Sekitar Rp 300 miliar yang akan diterbitkan dalam bentuk medium term notes (MTN) akhir tahun ini dengan perkiraan suku bunga 10,5%-11,5%. Sementara kuartal II tahun depan, perseroan akan menerbitkan obligasi Rp 1 triliun dengan tenor antara 3 tahun-5 tahun.
Lalu, PT Semen Indonesia Tbk (SMGR) berencana merilis PUB Rp 3,5 triliun dengan tenor lima sampai delapan tahun. Dananya akan digunakan untuk investasi pembangunan pabrik baru.
Tahun depan rencananya akan diterbitkan 20%- 30%, tahun kedua 60% -70% dan sisanya akan dirilis pada tahun ketiga. Kebutuhan capex SMGR 2016 diperkirakan mencapai Rp 7 triliun. Sebagian besar akan dialokasikan untuk investasi pembangunan pabrik baru.

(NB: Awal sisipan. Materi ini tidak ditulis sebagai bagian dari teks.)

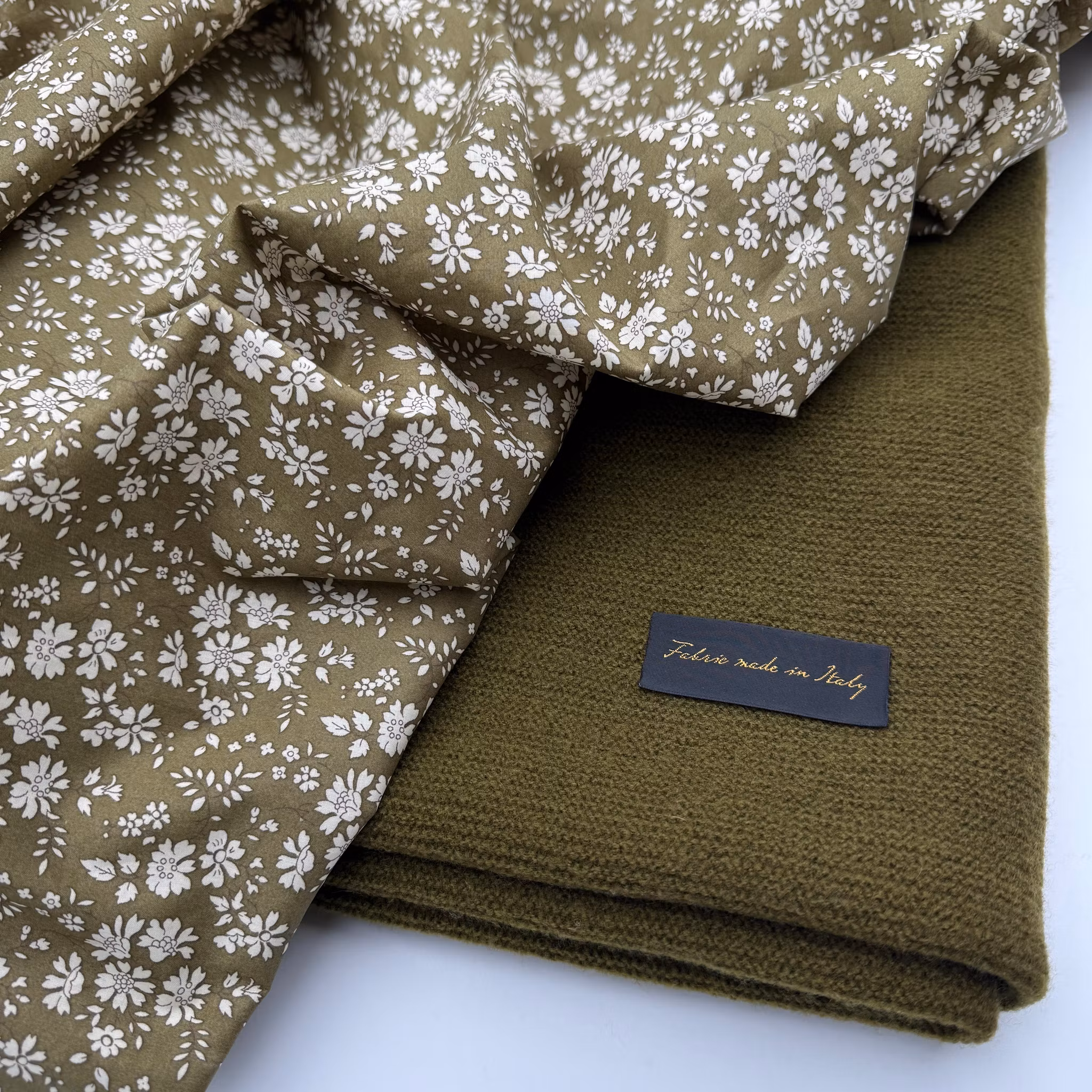 Färg: olivgrön botten och beigevita blommor

Sementara tiga emiten BUMN juga tengah menjajaki alternatif pendanaan lewat obligasi tahun 2016 guna mengantisipasi penundaaan Penyertaan Modal Negara (PMN). Ketiganya yakni PT Pembangunan Perumahan Tbk (PTPP), PT Wijaya Karya Tbk (WIKA), PT Jasa Marga Tbk (JSMR).
Sebelumnya, ketiganya diusulkan memperoleh PMN dalam Rancangan APBN 2016 yakni WIKA Rp 4 triliun, PTPP Rp 2,25 triliun dan JSMR Rp 1,25 triliun. Namun, ditolak DPR dan diusulkan untuk dibahas kembali dalam APBN Perubahan 2016.

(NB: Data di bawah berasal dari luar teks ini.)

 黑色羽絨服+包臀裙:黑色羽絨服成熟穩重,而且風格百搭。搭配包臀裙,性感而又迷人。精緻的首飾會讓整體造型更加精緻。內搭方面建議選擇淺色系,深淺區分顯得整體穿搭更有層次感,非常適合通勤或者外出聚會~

Jika PMN batal, WIKA akan menerbitkan obligasi berkelanjutan sebesar Rp 6 triliun dengan tenor lima tahun. Perseroan berencana menerbitkan surat utang tersebut dalam jangka waktu dua tahun. Tahap pertama rencananya akan diterbitkan tahun 2016 sebesar Rp 1,4 triliun. Sementara PTPP dan JSMR masih mengkaji jumlah obligasi yang akan dirilis.
Hans Kwee, Direktur Investa Saran Mandiri menilai prospek pencarian dana lewat obligasi tahun depan akan lebih positif. Pasalnya, The Fed diperkirakan akan menaikkan suku bunga tahun ini sehingga tahun depan nilai tukar akan kembali membaik. “Kalau pasar sudah pasti, prospek obligasi akan semakin baik,” kata Hans.

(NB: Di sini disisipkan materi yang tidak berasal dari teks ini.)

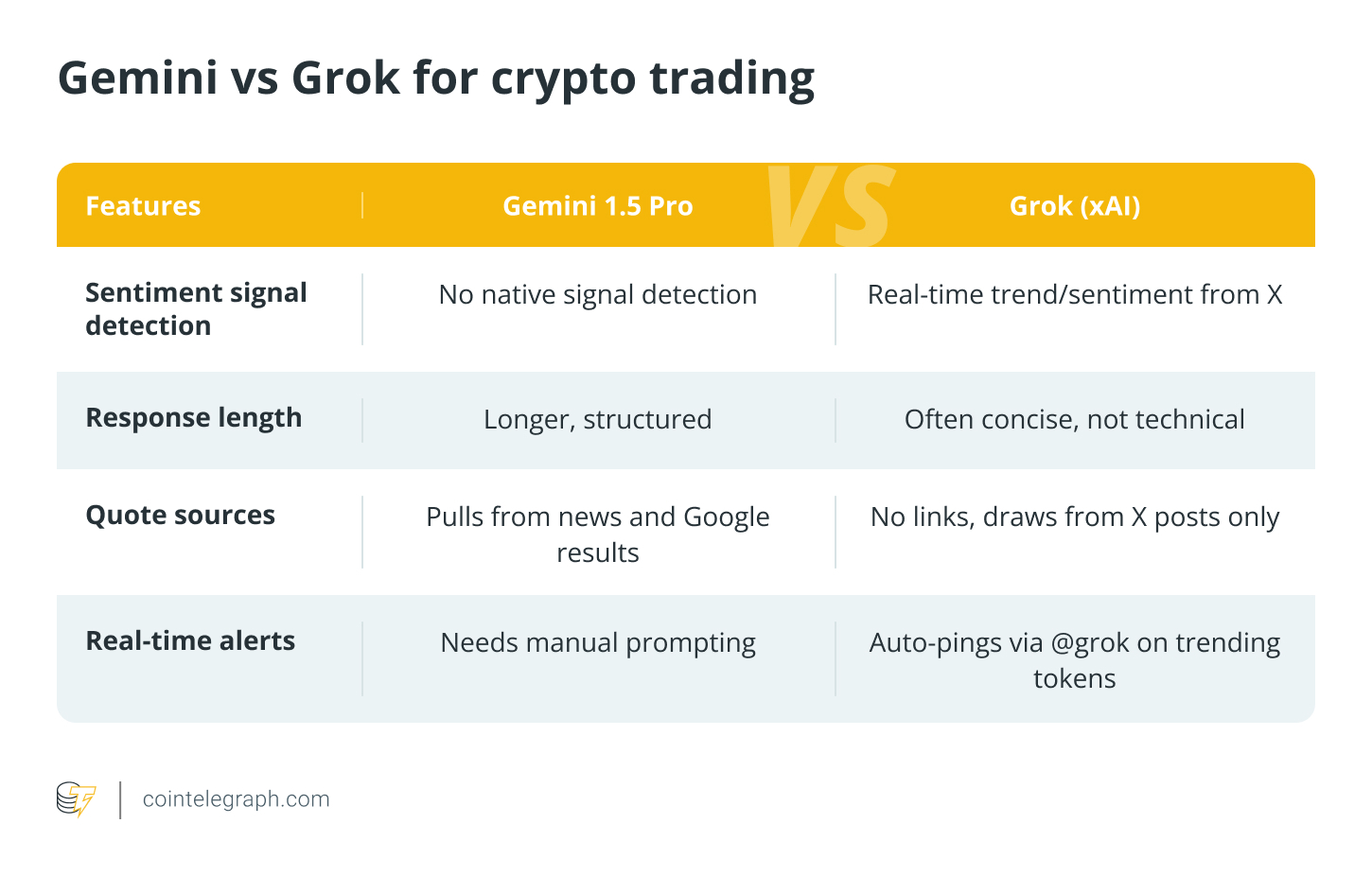 Depending upon their risk tolerance, traders could use Grok to detect token chatter, then Gemini to verify news validity and ChatGPT to structure a full trade plan.

Dengan kenaikan suku bunga, lanjut Hans, rupiah akan kembali menguat sehingga kemungkinan besar BI rate akan turun. Penurunan ini akan membuat yield turun dan harga obligasi akan naik. Alhasil, investor domestik dan investor asing juga akan masuk ke pasar obligasi karena dinilai menguntungkan.
kenaikan harga obligasui ditambah dengan fundamental ekonomi yang semakin baik karena realisasi proyek-proyek pemerintah akan semakin besar di awal tahun akan menahan investor asing. “Tahun ini memang sedikit rendah, namun menurutnya itu hal yang wajar karena pemerintah masih menyesuaikan nomenklatur,” jelas Hans.